昨日、北朝鮮が水爆実験に成功したと大々的に報じられた。このところ北朝鮮の物騒な話題が多い。8月29日の弾道ミサイル発射から数日のことなので、より報道に熱が増しているようだ。安倍首相は件のミサイル発射を”我が国に向けて”と発言したものだから、ネットではたちの悪い受け取り方をしている人が大勢見られる。金正恩からするとそう報じられて嬉しかっただろう。実際、不安を煽るには大成功だった。「博士の異常な愛情」の画像検索結果

 

 

 北朝鮮のミサイルを想定した避難訓練というものが各地で行われているとの噂を耳にする。どのような訓練なのだろうか。一度受けてみたいものだ。少し前にネットで出回った画像で野原に突っ伏すおばさんの姿があったが、あんなものを見ると碌でもない訓練だとは想像できる。もしミサイルがこの国に落ちたということになれば、それは開戦が宣告されたということを想定しているのだろう。火災や津波地震といった自然災害ではある程度被害を予測できるし最小に抑えることはできる。火災は火の出処から、津波は海抜何mのところへ、地震は頭上の落下物から避難すればいい。経路や準備物も想定できる。勿論、行政や自治体も慣れている。

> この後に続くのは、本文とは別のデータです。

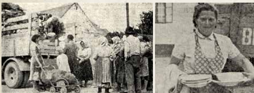
Výkup starého textilu v Dolanoch v roku 1958

... to bola voľakedy veľká udalosť. Prinesené staré oblečenie – handry vymieňali za všakovaké lacné drobnosti – guľôčky, korálky a podobne. Tento „obchod“ bol značne nevýhodný pre majiteľov starého textilu. Už vtedy sa vedelo, že odpad je surovina, ktorá má svoju hodnotu a bolo treba zakročiť. Vtedajší národný podnik Zberné suroviny pripravil zberové akcie po dedinách. A ako taká akcia prebiehala v roku 1958 v Dolanoch? To si priblížime v nasledujúcom článku.
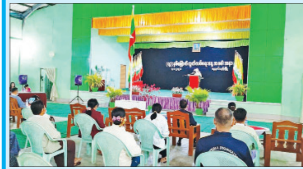
ညောင်တုန်းမြို့၌ ကျင်းပစဉ်။
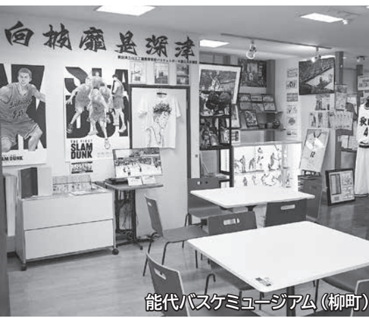
能代バスケミュージアム(柳町)

人気漫画「スラムダンク」が原作の映画「THE FIRST SLAM DUNK」が大ヒット興行となったことから、作品に登場する強豪校のモデルと言われている
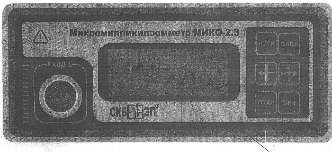
Рис. 2. Схема панели

1. Место для нанесения оттисков клейм или размещения наклеек.
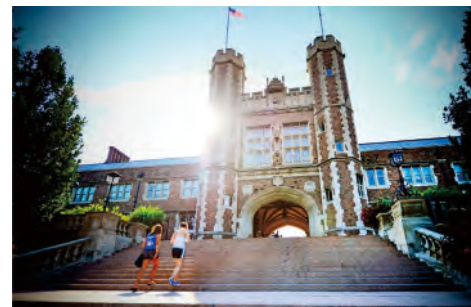
美國聖路易市華盛頓大學
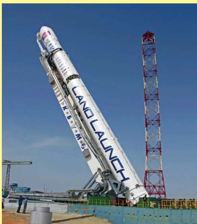
Ракета-носитель «Зенит-3SLB». Подготовка к пуску со стартовой площадки космодрома Байконур

гласно КОСМОТРАС, ни одна другая компания-оператор запуска в мире не может предложить заказчику такой вид сервиса.
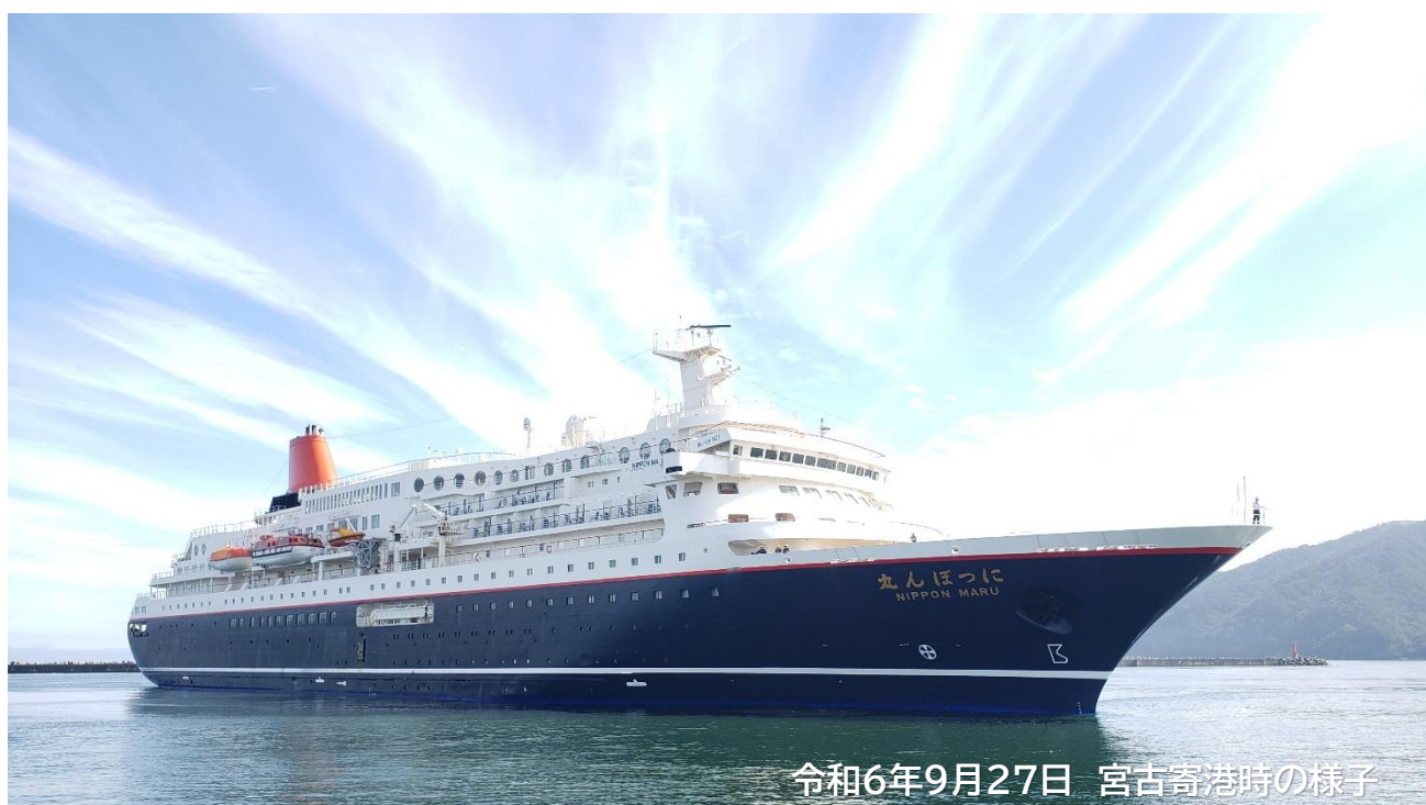
令和6年9月27日 宮古寄港時の様子
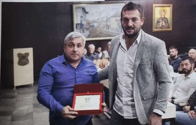
Плакета најуспешнијем клубу
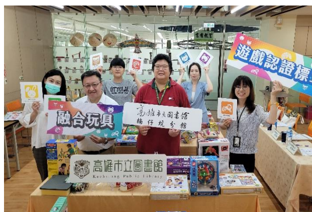
楠仔坑分館進行融合玩具示範認證
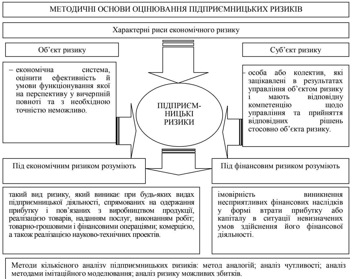
Рис. 1. Методичні основи оцінювання підприємницьких ризиків

Кількісна оцінка підприємницького ризику є доповненням до якісної. За її наявності керуючий суб'єкт спроможний досягти максимуму ефективності в процесі управління фірмою. Наявність ризику в підприємницькій діяльності означає, що для ефективного проведення оцінювання необхідна наявність попередньо розроблених і реальних планів розвитку фірми з урахуванням імовірного характеру проходження подій. Із цією метою здійснюється якісний і кількісний аналіз ризиків.
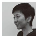
ディレクター SEKI DESIGN STUDIO
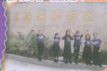
菁英輩出的音樂學府
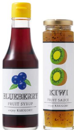
● 1回のお届けセット例です。
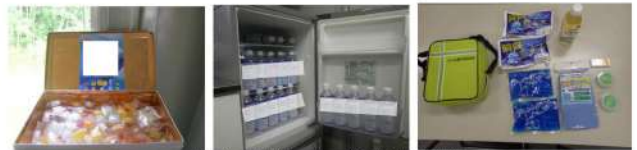
▲熱中酔・タブレット、経口保水液の常備
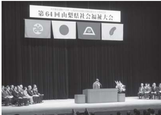
山梨県社会福祉大会式典の様子
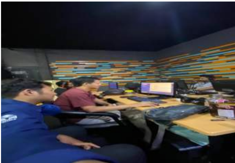
Gambar 11. Mahasiswa berlatih Bersama Mas Gara dalam pengeditan video berita

Editor merupakan orang yang bertugas untuk mengedit dan mengolah video mentahan yang dikirimkan oleh wartawan melalui email menjadi video berita yang layak untuk disiarkan kepada public. Terdapat beberapa penyaringan oleh pihak editor JTV terhadap berita yang sudah selesai di edit, yang nanti akhirnya akan disiarkan live pada sore harinya.
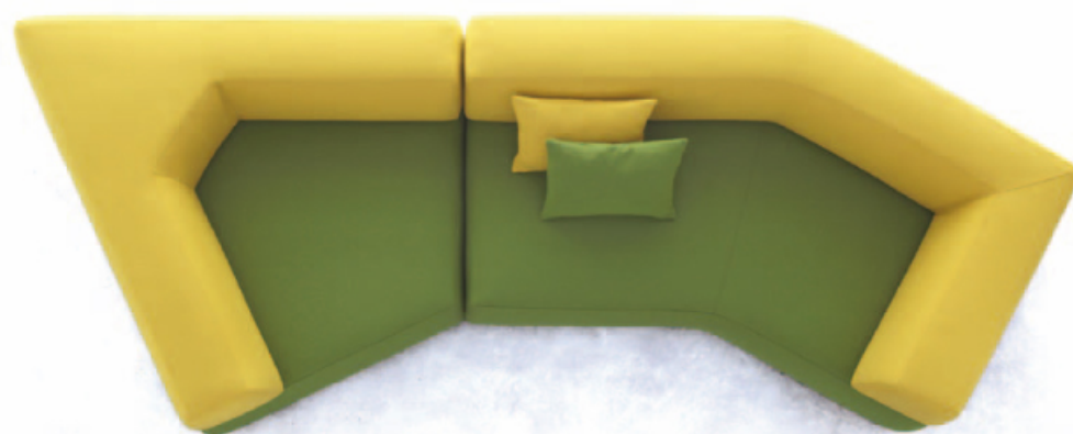
MELT pour BONALDO

Petit fauteuil avec le rembourrage en polyuréthane expansé revêtu en tissu, en cuir écologique ou peau. Base en métal chromé. Il n'est pas déhoussable. Exécution artisanale, pièce numérotée.
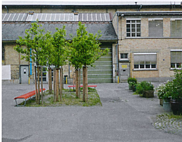
Bäume und Sitzgelegenheiten sorgen für weitere Auflockerung und Begegnungsmöglichkeiten.
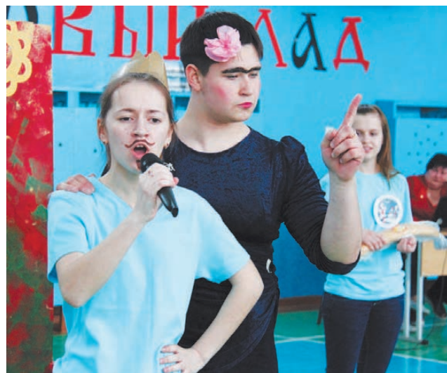
Принцессу - в жены за лаваш.
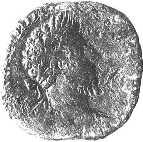
Vorderseite: Marc Aurel (161–180)
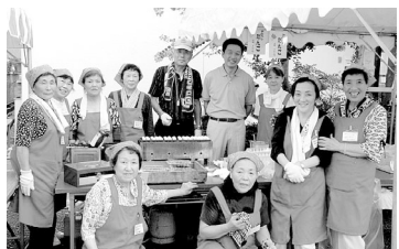
7月31日 各務原区夏祭り(各務原町コミセン) 地元各務原地区の夏祭りに参加。地元自治会の活動に、一市民として取り組んでいます。町内同士で親睦を深めることの大切さを実感しています。
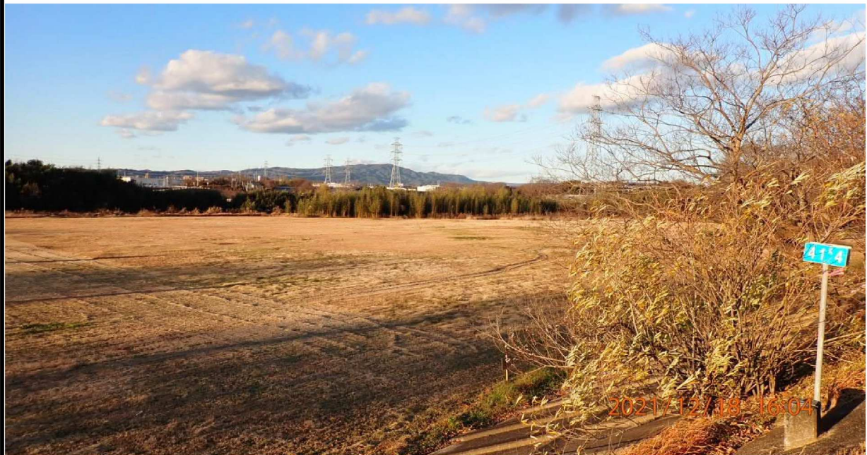
左岸41.4km付近の川田公園野球場の様子。
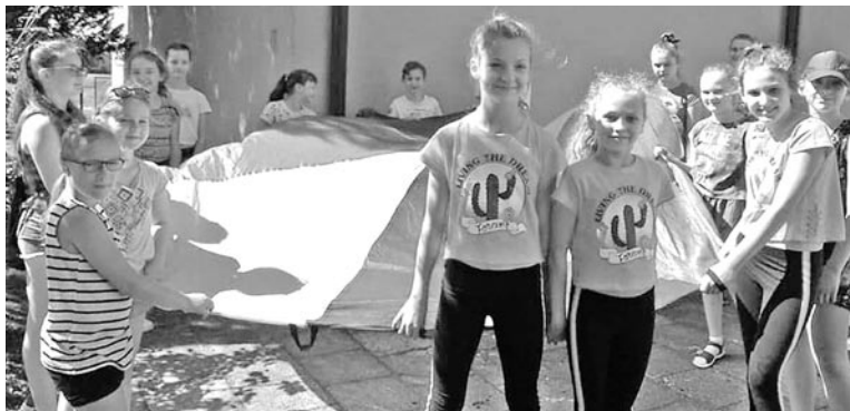
Dzieci wzięły udział w zabawach i konkurencjach sportowych
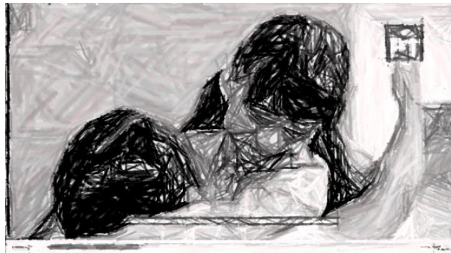
Segundo siete (00:00:07)

En este tenor, es importante reiterar los requisitos establecidos en los numerales 8 y 9, de los Lineamientos para la Protección de Niños, Niñas y Adolescentes en Materia de Propaganda y Mensajes Electorales, para la aparición de personas menores de edad en la propaganda político – electoral, mismos que son al tenor siguiente:
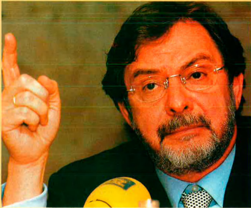
Juan Luis Cebrián. El conseller delegat del grup Prisa i ex-director d' El País va inaugurar el setè Congrés de Mitjans de Comunicació.
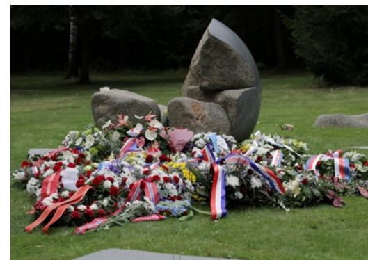
pietní akt, Památník Lety
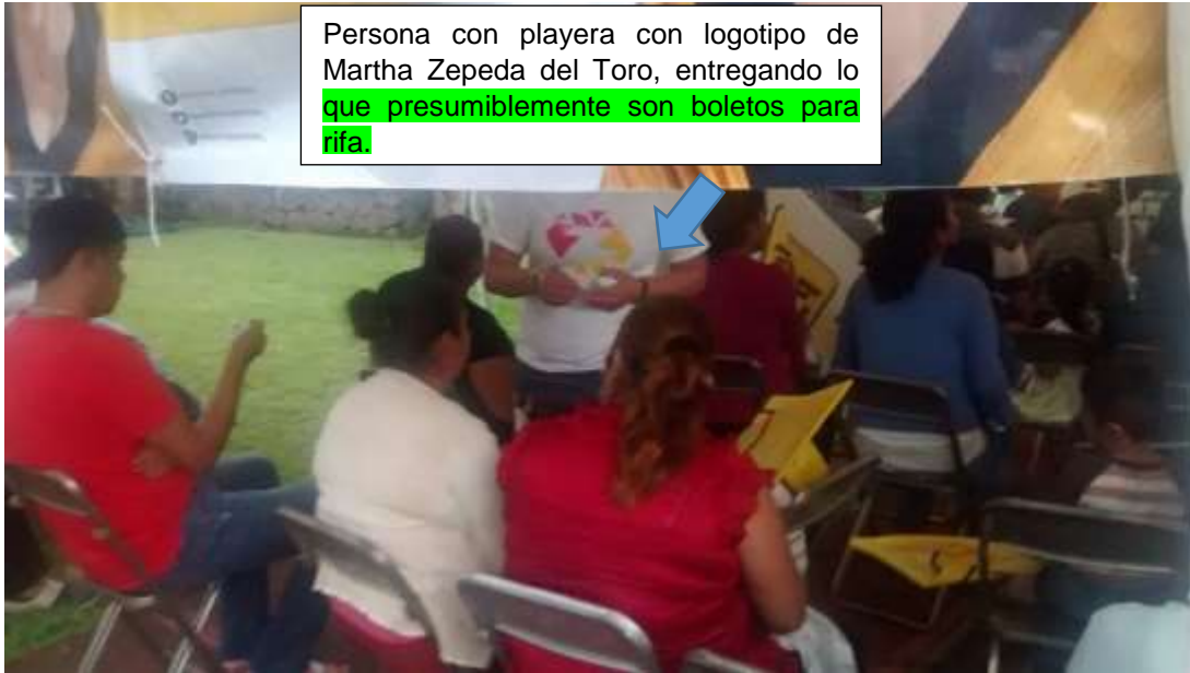
* Imagen visible en la página 22 del acta circunstancia instrumentada por el personal de la Unidad de Fiscalización y 136 del expediente.
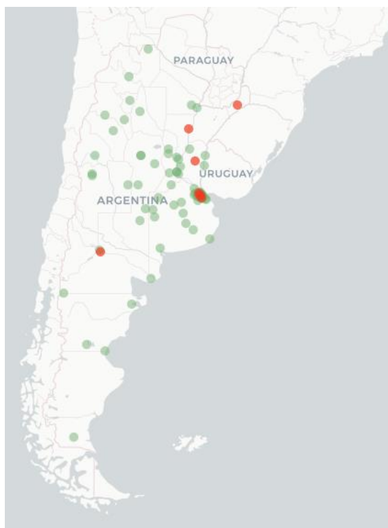
FluTracking Map- COVID-19-like illness symptoms (fever and cough) for week ending 29 May 2022

では、ミサイルはどうだろうか?自衛隊の基地から離れればいいのだろうか?その答えはあべりょうさんの『核攻撃サイバー』を聞けばわかる。

 

 

youtu.be

 

 この曲は核爆弾を想定しているが、弾道ミサイルだろうと話はそう変わらないだろう。なぜなら、どちらにせよ同じノドン弾道ミサイルで打ち込まれると仮定した場合6〜11分以内に頑丈な場所に避難することになる。が、ミサイルから身を守れるほどの場所がどこにあるのだろうか。ましてや、高齢者や身体の不自由な人たちはどうなるのだろう。行政はどう動くのだろうか。考えているのだろうか。

 

 避難訓練を実施するとして、あらゆるケースを想定しなければならない。まずミサイルがどのように落ちてくるのか。それは迎撃され破壊された残骸なのか。それとも、そのまま迎撃できずにそのまま落ちてくるのか。それによって被害も混乱も大きく変わる。

「ノドン」の画像検索結果

 上の画像を見ての通りミサイルは大気圏にでてからほぼ垂直に落ちる。避難訓練で想定されているようなケース、イージス艦の迎撃範囲を超えて、都心にミサイルが落ちてくるような場合、どうなるのだろう。例のPAC-3が撃ち落とすとして、爆破した飛来物がどのように落ちてくるかなんて素人には想像もできない。が、ネットを隈なく探しても「避難訓練を実施すべし!」というような人間の意見に具体的な話はいっさいなく、感情的で理に沿ったものがないのに驚く。もっとも、そんなこと事が起こるまで誰もわからないし、予測もできない。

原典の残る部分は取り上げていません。